Ben's gotta improve his finishing man.


----------



## spongyfungy (Oct 22, 2003)

Chandler hard FT GOOD.
made the second 100-95

West with a 1:17.

Pierce drives and gets partially blocked. Andres with it. Gordon drives MISSES

West knocks the ball away. pullup jumper GOOD. Kirk stumbled and fell, freeing Delonte. 100-97 BUlls

54.7 secs left.


----------



## spongyfungy (Oct 22, 2003)

Hinrich to Andres. Jumper. MISS

Pierce gets the board. 20 sec Timeout.


----------



## rlucas4257 (Jun 1, 2002)

You want to talk about a scary stat for todays game

Bulls SFs 42 pts 16 rbs 15-27 from the field and 4 assists. Thats production


----------



## spongyfungy (Oct 22, 2003)

3 by Pierce. 

tapped by Tyson to Nocioni. foul by Delonte. Duhon to the FT line


----------



## spongyfungy (Oct 22, 2003)

101-97. 
102-97 Duhon makes both

Pierce fakes. a three. GOOD! a guy in his face. defended well. 102-100.


----------



## evalam23 (Feb 2, 2004)

Make some FT's and this game is over.


----------



## spongyfungy (Oct 22, 2003)

Duhon fouled. first FT good. 104-100 13.2 secs left.

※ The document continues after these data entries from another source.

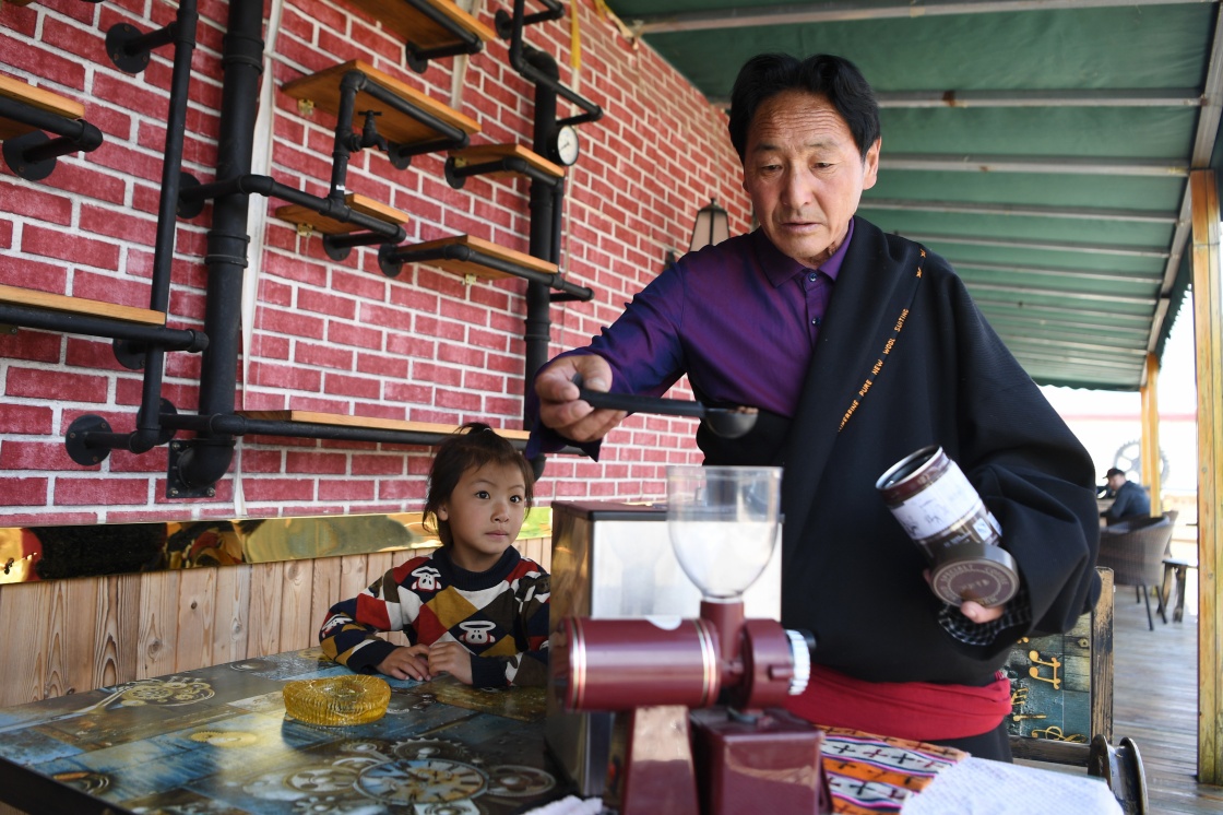 6月20日,在甘南藏族自治州碌曲縣尕海鎮(zhèn)尕秀村,村民格日扎西(右)在自家的牧家樂(lè)里調(diào)試新買(mǎi)的咖啡機(jī)。新華社記者 陳斌 攝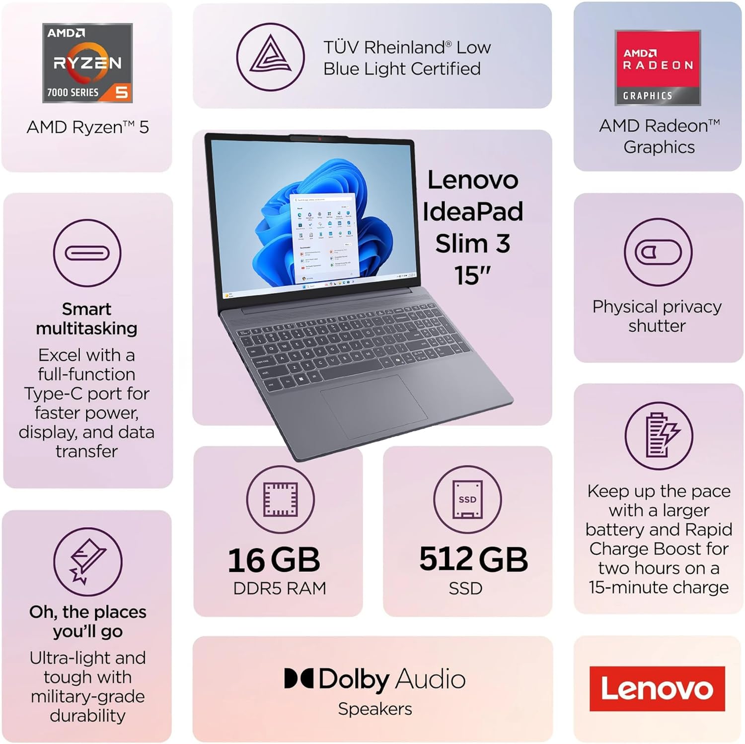 Be the first to review “Lenovo Gaming Laptop, 15″ WUXGA IPS Display, AMD Ryzen 5 7535HS, 8GB DDR5 RAM, 256GB PCIe SSD, Radeon 660M Graphics, Copilot AI PC, WiFi 6, Bluetooth 5.3, HDMI, Type-C, Luna Grey, Windows 11 Home”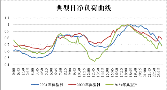 由于湖南光伏發(fā)電裝機(jī)的快速增長,湖南電網(wǎng)凈負(fù)荷曲線(電網(wǎng)凈負(fù)荷=電網(wǎng)負(fù)荷-新能源出力-外受電)產(chǎn)生向“鴨子型曲線”轉(zhuǎn)變的趨勢(shì)(見圖),午間腰荷時(shí)段凈負(fù)荷越來越低,該時(shí)段可再生能源消納困難情況開始顯現(xiàn)。以2023年某日為例,該日光伏發(fā)電出力較大,腰荷時(shí)段電網(wǎng)凈負(fù)荷較前兩年同期明顯下降,同時(shí)低于當(dāng)日低谷時(shí)段凈負(fù)荷,導(dǎo)致腰荷時(shí)段新能源消納更為困難。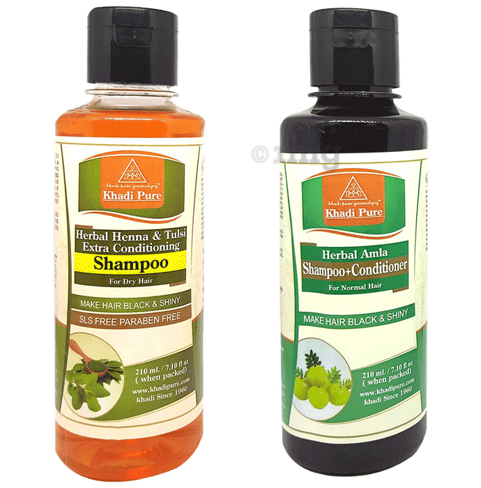 Information about Khadi Pure Combo Pack of Herbal Amla Shampoo + Conditioner & Herbal Heena & Tulsi Extra Conditioning Shampoo SLS & Paraben Free (210ml Each)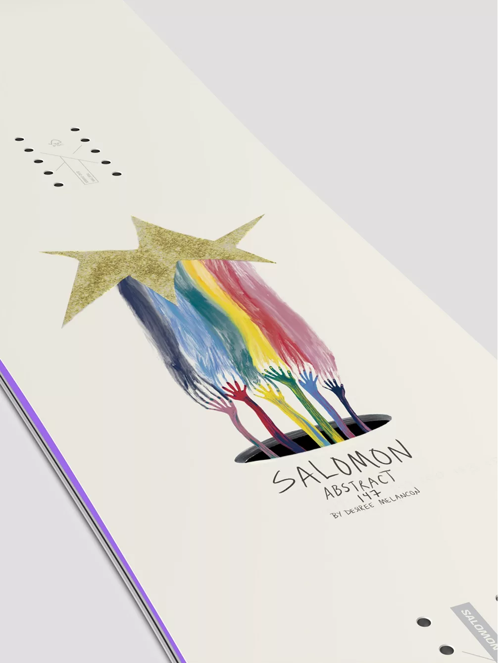 Das Salomon Abstract kommt mit Grafiken von Pro Desiree Melancon, die für Einheit und zwischenmenschliche Beziehungen stehen. Es ist ein Unisex-Snowboard und konzentriert sich auf Freestyle in seiner reinsten Form.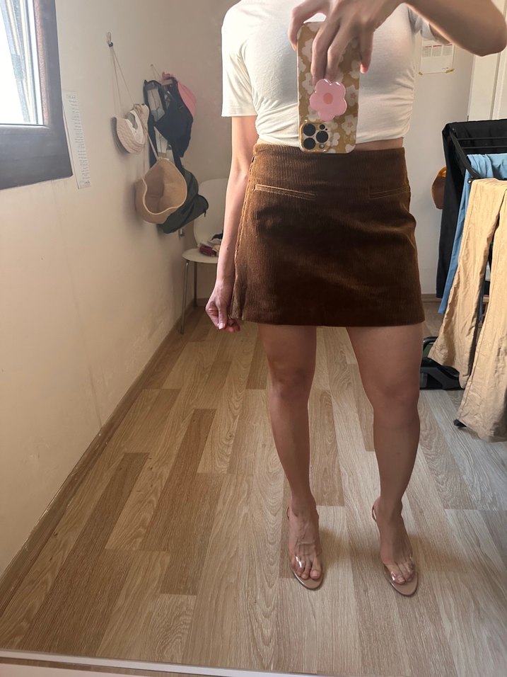 Kahverengi süet mini etek, fitted kesim ve desen içermeyen düz tasarımıyla günlük sokak modasına uygun. Zahmetsiz şıklık sunar. iade süresini kaçırdım yeni etiketli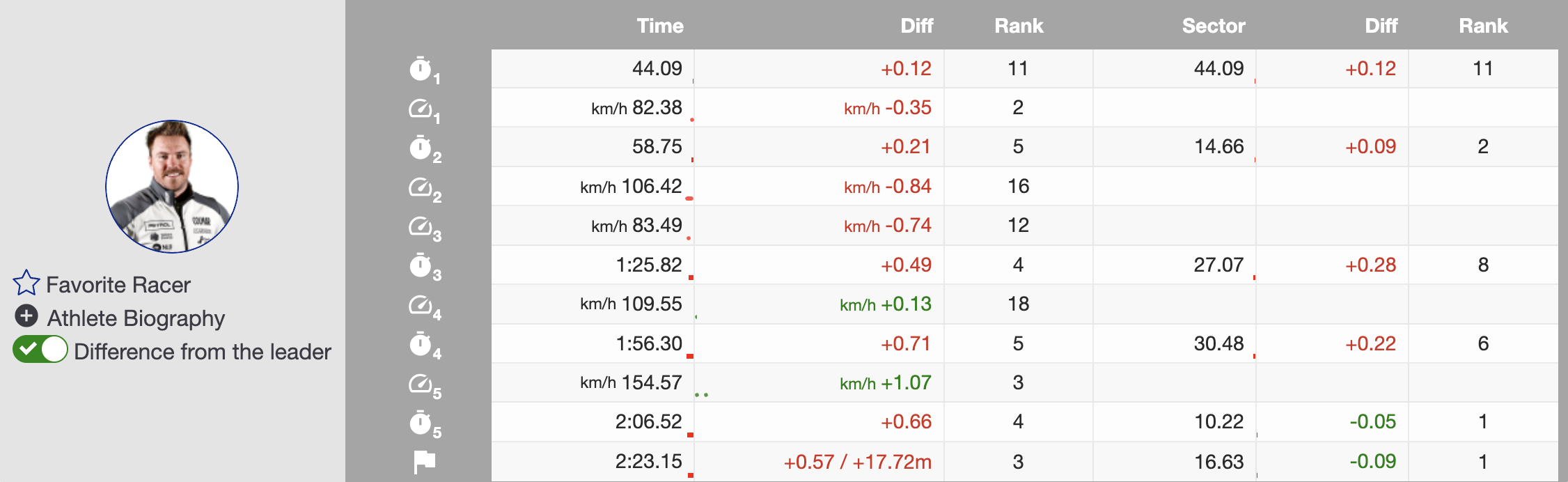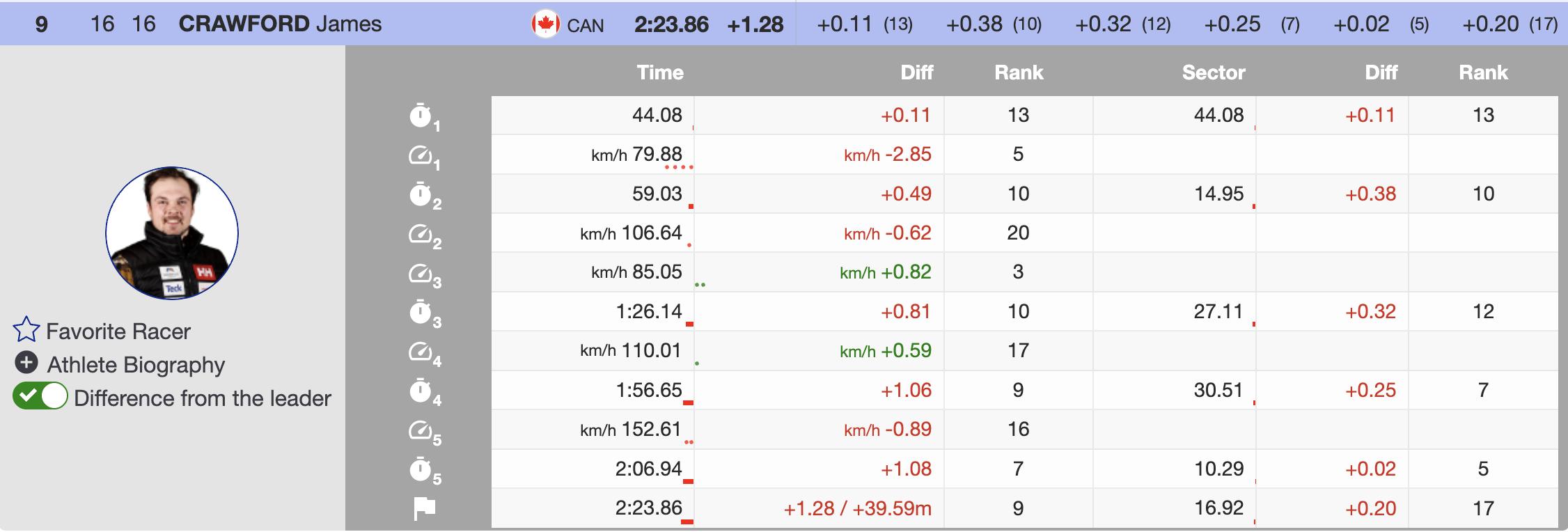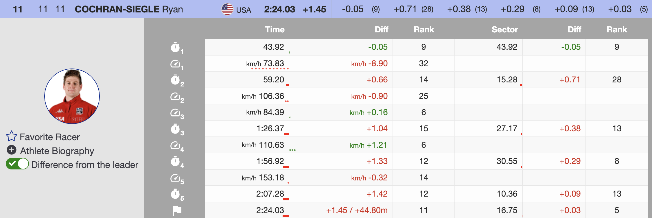 Immediately after Paris, Canada’s Cameron Alexander became the first North American to threaten the lead. Charging confidently through the sectors, Alexander ultimately finished 0.14 seconds off the pace, temporarily taking third place. Though he dropped to fifth by the end, Alexander remained the top North American finisher.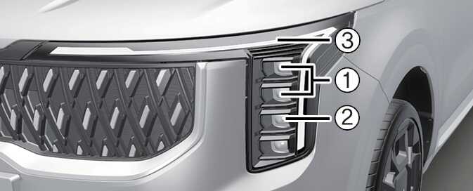 전조등(상향, 하향), 주간주행등의 전구 교체(헤드램프-A 타입) 그림 1. A 타입 OKA4H073058 LED 타입의 전조등(상향, 하향)(1, 2), 주간주행등(3)이 켜지지 않을 경우에는 가까운 자사 직영 서비스센터 또는 서비스협력사에서 점검을 받으십시오.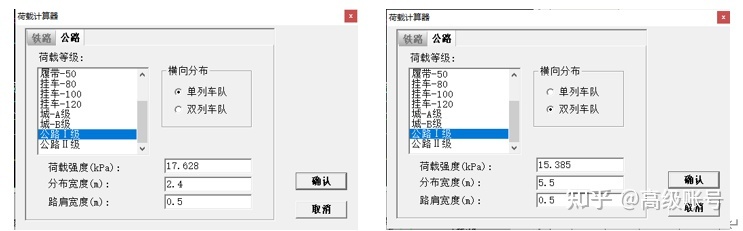 今后設(shè)計(jì)工作中:(1)對(duì)于邊坡穩(wěn)定計(jì)算,直接選擇公路I級(jí)-單列車隊(duì)或雙列車隊(duì)都可,分布位置距路基邊緣一個(gè)土路肩寬度比較科學(xué)合理,因?yàn)檐囕v橫向分布列數(shù)對(duì)高邊坡穩(wěn)定系數(shù)影響不大;(2)對(duì)于擋墻計(jì)算,直接選擇“2004路基規(guī)范擋土墻車輛車載”,軟件會(huì)根據(jù)擋墻高和填土容重自動(dòng)計(jì)算換算土柱高度,與規(guī)范規(guī)定一致;(3)對(duì)于瀝青路面結(jié)構(gòu)設(shè)計(jì)驗(yàn)算,無(wú)需對(duì)行車荷載做過(guò)多考慮,因?yàn)樾熊嚭奢d主要影響路面結(jié)構(gòu)的力學(xué)計(jì)算,而這已在HPDS里內(nèi)置的計(jì)算程序完成了。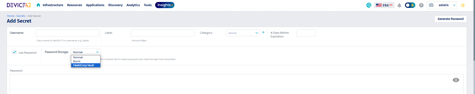 Please note that passwords retrieved from HashiCorp Vault are not viewable in Device42.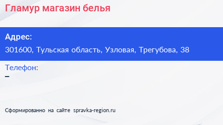 Гламур, магазин белья по адресу 301600, Тульская область, Узловая, Трегубова, 38 в дальнейшем Организация, размещена в следующих категориях: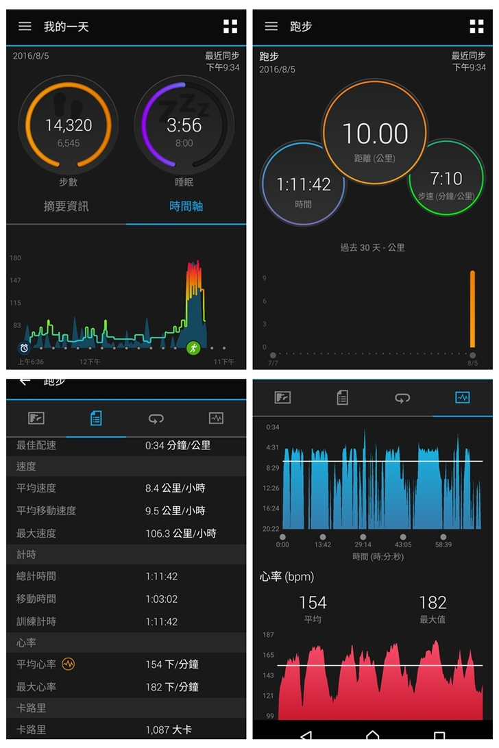 再看GARMIN APP,認定10KM,心率最大為182下/每分鐘。(前輩說過人的最大值公式為220-年紀,還真是滿準的)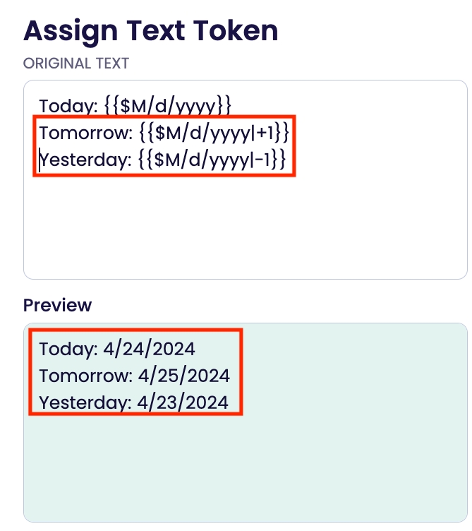 Date and Time tokens enhance demos, especially in products where date and time are important in the data which is reflected in the demo. Adding and subtracting date/time tokens further enhances the "realness" your user will feel when viewing your demo.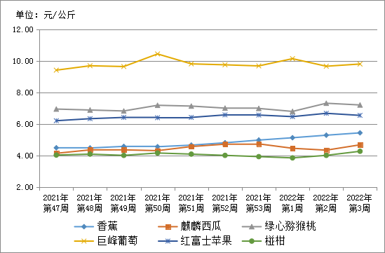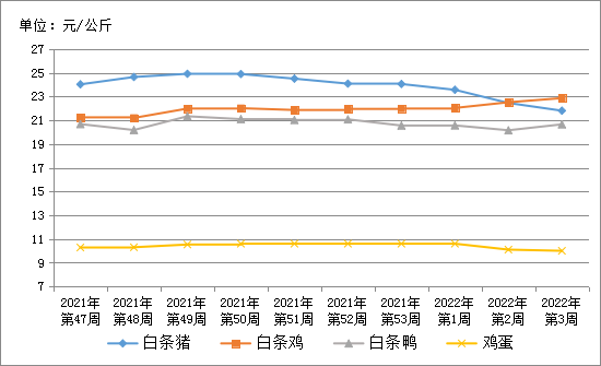图3 2022年第3周肉禽蛋类产品批发市场价格走势图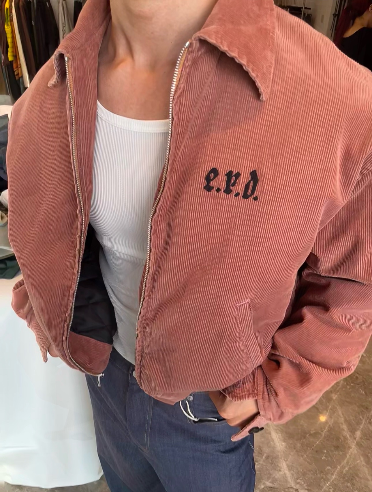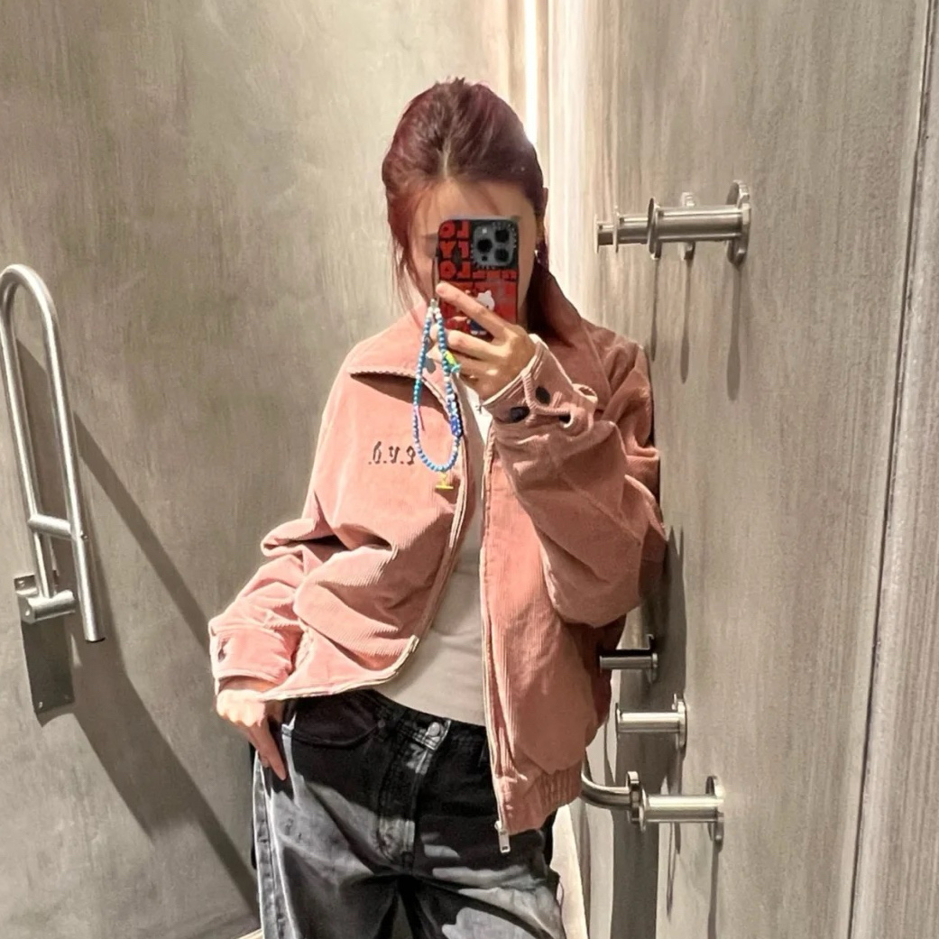 Tags: جاكيت ERD, جاكيت بلون السلمون, جاكيت عصري للخريف والشتاء, جاكيت قصير للجنسين, جاكيت كورديروي عتيق, جاكيت مطرز ميكانيكياً

Pierce misses the open three but cans the hard one.


----------



## ChiBron (Jun 24, 2002)

Du


----------



## spongyfungy (Oct 22, 2003)

LaFrentz in for Blount

Pierce layup good. 

Deng fouled. 105-102 makes the first FT.

106-102. makes the second.


----------



## evalam23 (Feb 2, 2004)

Bulls currently with a big 33pt 4th quarter after a sub par 15pt third quarter


----------



## ChiBron (Jun 24, 2002)

Win or lose, it's good to see Deng and Ben getting it together. Ben had his 4th good offensive game in his last 5 games. Even better is seeing him make big shots in the 4th. Deng, barring the NY game, has been on a good streak as well.


----------



## spongyfungy (Oct 22, 2003)

Pierce three. MISS. Bulls board. time expires game over. Bulls win.


----------



## evalam23 (Feb 2, 2004)

No time out left, should be in the books


----------



## mizenkay (Dec 29, 2003)

skiles with the huge hug and pat for chandler.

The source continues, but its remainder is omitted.